RECORDED INFORMATION START

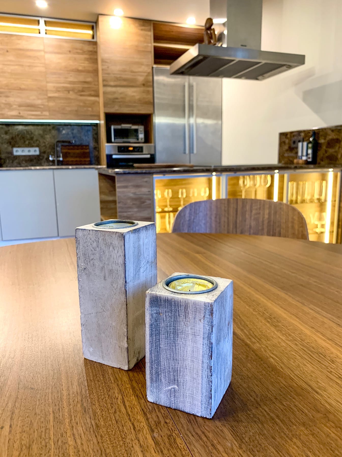В дизайне кухни использованы акцентные элементы: аквариум с живыми рыбками и остров со столешницей из натурального камня.
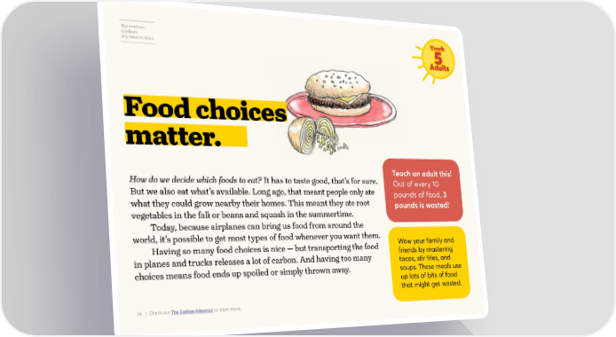 Generation Carbon: It’s time to start. Food choices matter. Teach an adult this! How do we decide which foods to eat? It has to taste good, that’s for sure. Out of every 10 But we also eat what’s available. Long ago, that meant people only ate pounds of food, 3 what they could grow nearby their homes. This meant they ate root pounds is wasted! vegetables in the fall or beans and squash in the summertime. Today, because airplanes can bring us food from around the world, it’s possible to get most types of food whenever you want them. Wow your family and Having so many food choices is nice — but transporting the food friends by mastering in planes and trucks releases a lot of carbon. And having too many tacos, stir fries, and choices means food ends up spoiled or simply thrown away. soups. These meals use up lots of bits of food that might get wasted. 34 | Check out The Carbon Almanac to learn more.
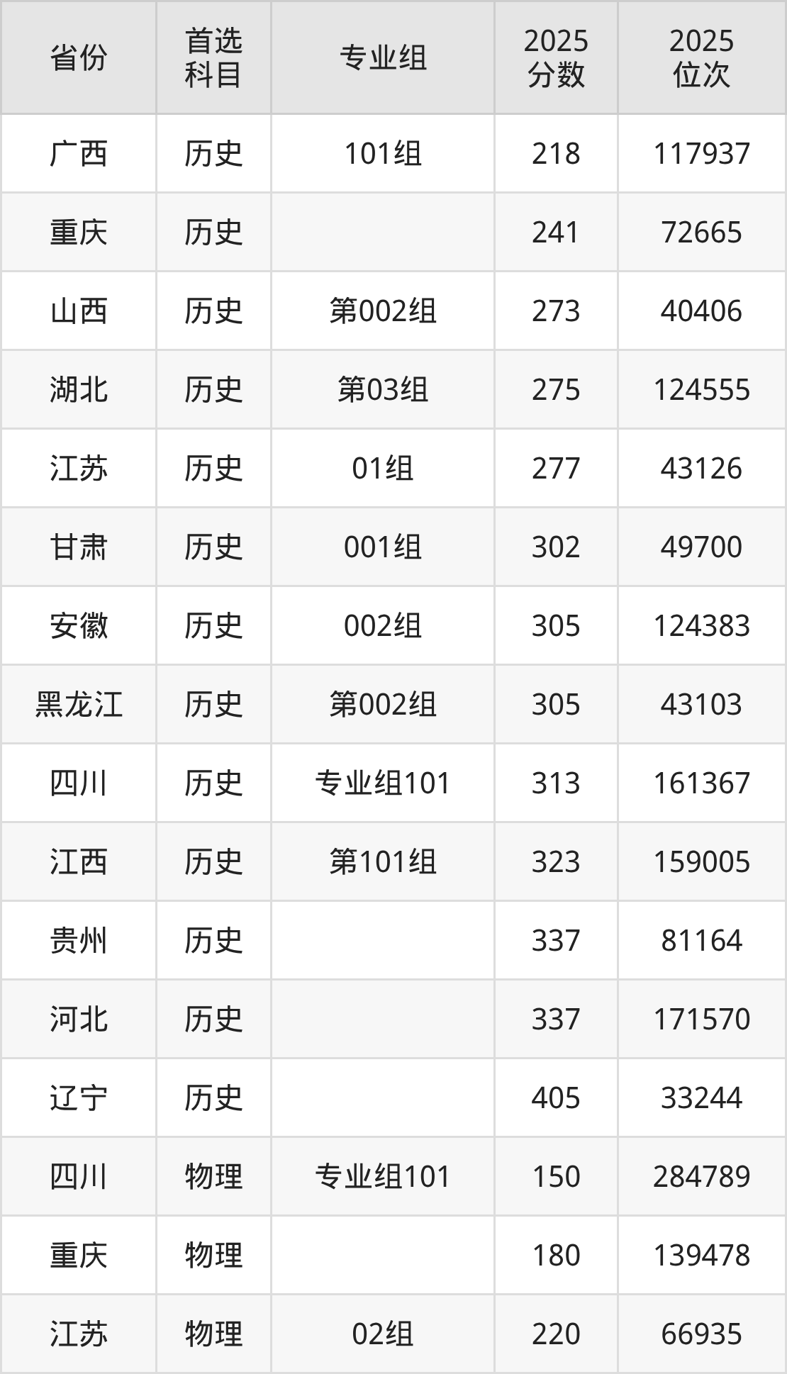 历史类最低分对应地区为广西(101组),录取位次为117937,超专科线18分;最高分对应地区为辽宁,录取位次为33244,超专科线255分。

RECORDED INFORMATION END

- **PROBLEM DESCRIPTION**
Reproduce every line above exactly, pictures excluded.

- **YOUR RESPONSE**
В дизайне кухни использованы акцентные элементы: аквариум с живыми рыбками и остров со столешницей из натурального камня.
 Generation Carbon: It’s time to start. Food choices matter. Teach an adult this! How do we decide which foods to eat? It has to taste good, that’s for sure. Out of every 10 But we also eat what’s available. Long ago, that meant people only ate pounds of food, 3 what they could grow nearby their homes. This meant they ate root pounds is wasted! vegetables in the fall or beans and squash in the summertime. Today, because airplanes can bring us food from around the world, it’s possible to get most types of food whenever you want them. Wow your family and Having so many food choices is nice — but transporting the food friends by mastering in planes and trucks releases a lot of carbon. And having too many tacos, stir fries, and choices means food ends up spoiled or simply thrown away. soups. These meals use up lots of bits of food that might get wasted. 34 | Check out The Carbon Almanac to learn more.
 历史类最低分对应地区为广西(101组),录取位次为117937,超专科线18分;最高分对应地区为辽宁,录取位次为33244,超专科线255分。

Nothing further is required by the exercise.